- [WHAT THIS TASK INVOLVES]
Could you please transcribe the data exactly, without the pictures?

- [DATA EXCERPT]
- Opening Delimiter -
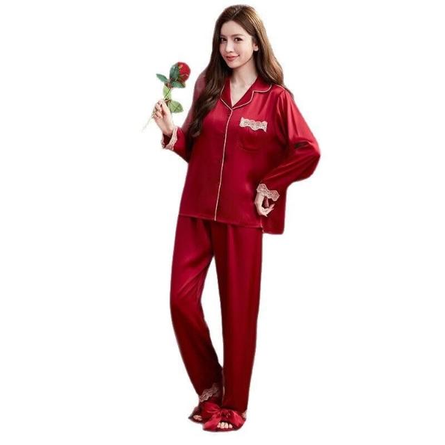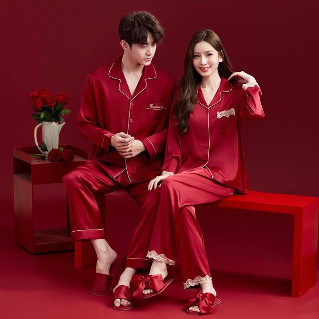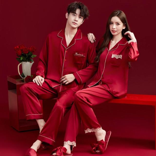 核桃小鋪 2026新款結婚情侶睡衣女春秋冰絲長袖本命年紅色套裝男款大碼新婚 3
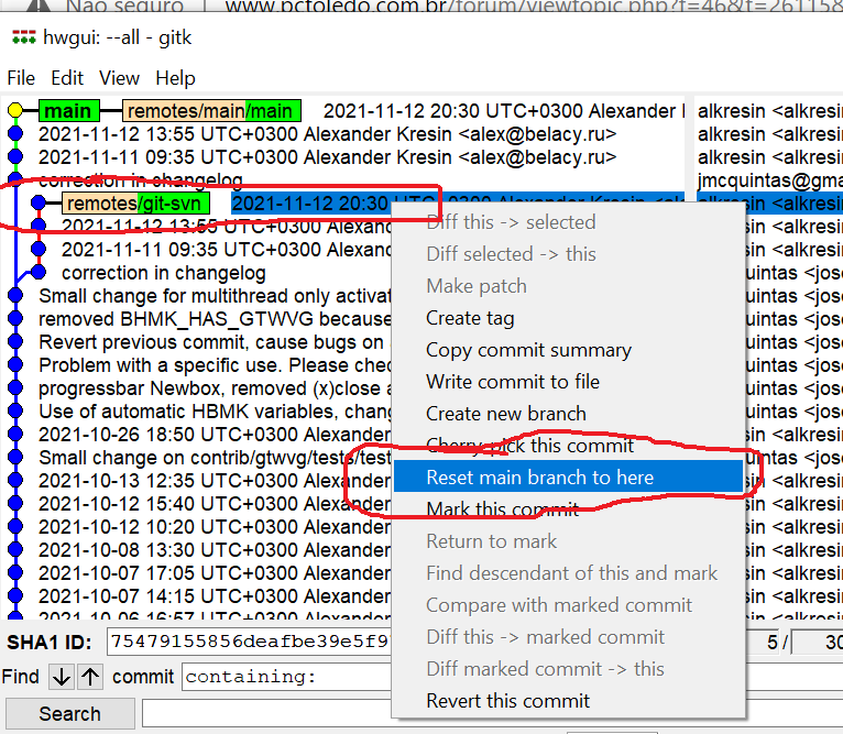 Depois a opção: reset main to here, isso faz com que a posição atual, LOCAL, seja essa nova.
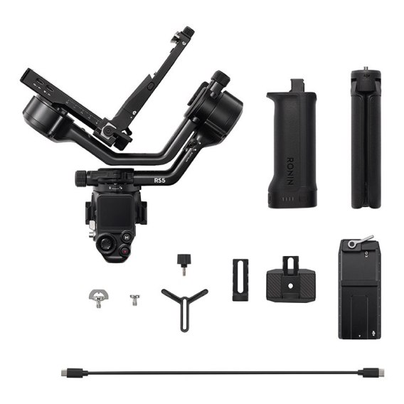 Gimbal DJI RS 5 z zamontowanym aparatem na tle gradientowego tła i hasłem Prowadź każde ujęcie
- Closing Delimiter -
- [RESULT OF THE EXERCISE]
 核桃小鋪 2026新款結婚情侶睡衣女春秋冰絲長袖本命年紅色套裝男款大碼新婚 3
 Depois a opção: reset main to here, isso faz com que a posição atual, LOCAL, seja essa nova.
 Gimbal DJI RS 5 z zamontowanym aparatem na tle gradientowego tła i hasłem Prowadź każde ujęcie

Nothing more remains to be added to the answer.